I'm trying to write a simple tokenizing program, and I want a Scanner struct to have a method to produce a Vec of Tokens that have slices of a source code char array. The scanner also has a slice of the source char array and uses it to create the subslices for each Token. However, the borrow checker won't allow me to scan multiple tokens with a loop, or to even put a single token into a Vec. I think this is because the Tokens have a slice of the Scanner's slice which is possibly mutable, instead of the original char array that the Scanner doesn't own and cannot not mutate. Is there any way to resolve this, or will I either have to remove the char slice from the Scanner struct and pass it in to functions manually, or just allocate a new string for each Token?

Playground

One of the problems is fairly simple: the lifetime of self and the return value need to be the same. So just add the 'a lifetime to self:

The other problem is different, I think it may be the problem solved by Polonius.

FWIW, a char array is a very unusual thing to use.

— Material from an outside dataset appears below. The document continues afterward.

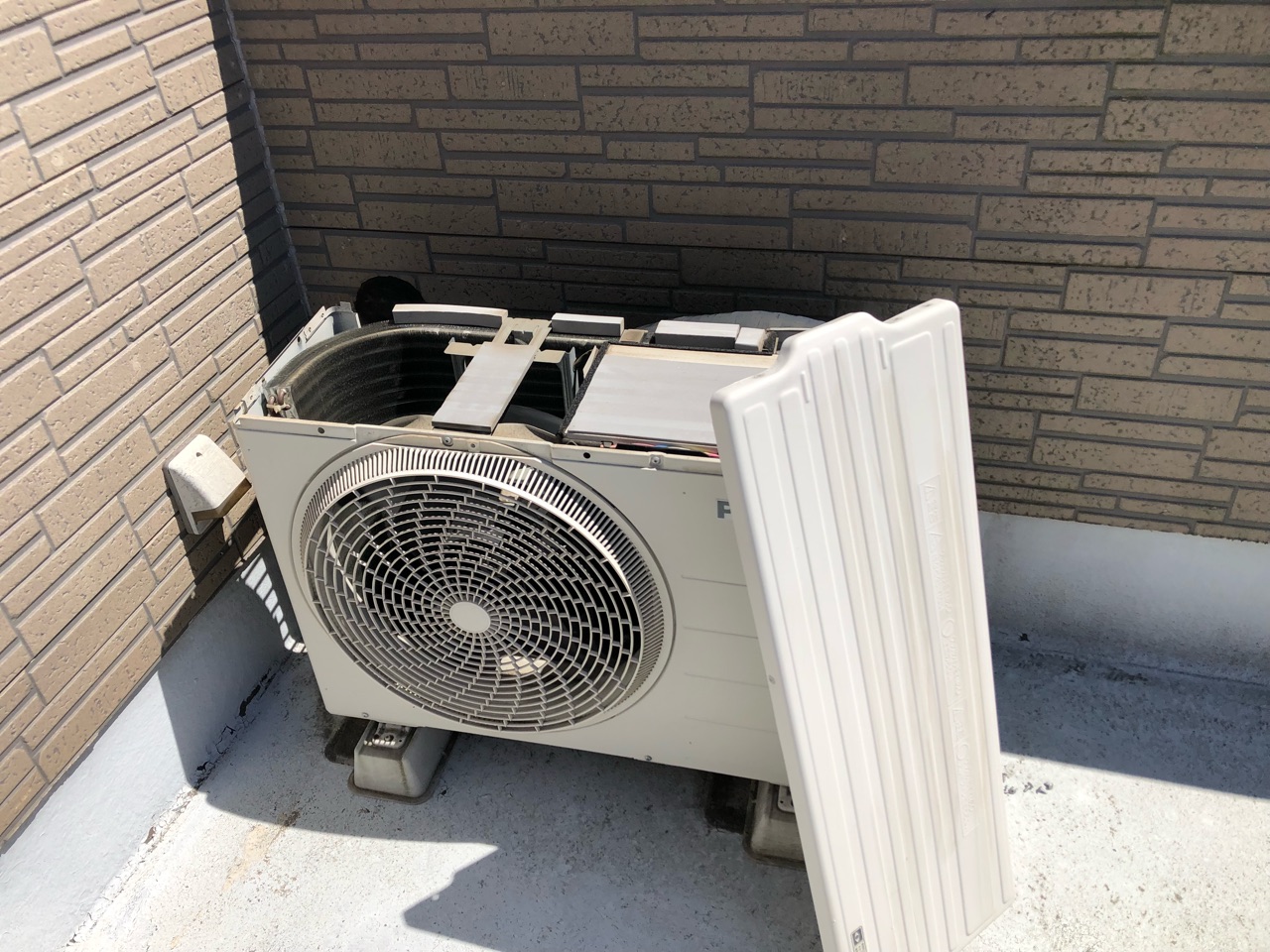 当家のエアコン室外機!表面温度が直射日光で触れられないぐらいの温度!

You really should be using strings.

A problem is on line 51, where you're eliding the lifetime on Token. By default that gets filled with the lifetime of the input references, which in this case is &mut self. Changing that to Token<'a> may fix your problem.

I just tested, and it does.

2 Likes

To clarify: [char] is 4 bytes per character (well, per Unicode code point, but that's a whole thing). If you want to parse the encoded bytes, you can use [u8], or if you want Unicode but also to pop off the 'next' character you can use:

let c = input.chars().next()?;
input = &input[c.len_utf8()..];

as a start to recognizing multiple characters then slicing it all off at once. Don't forget to use len_utf8() (unless you know that character is ASCII).

Alternatively, just use input.char_indices() and let it keep track of the position for you.

2 Likes

Don't do that. It's a &'a mut Scanner<'a> in disguise, which you never want.

Incidentally, if you add the following to your code:

#![deny(elided_lifetimes_in_paths)]

It will error when lifetime parameters like that on Token are completely elided.

6 Likes

Thanks for the correction. You're right of course.

1 Like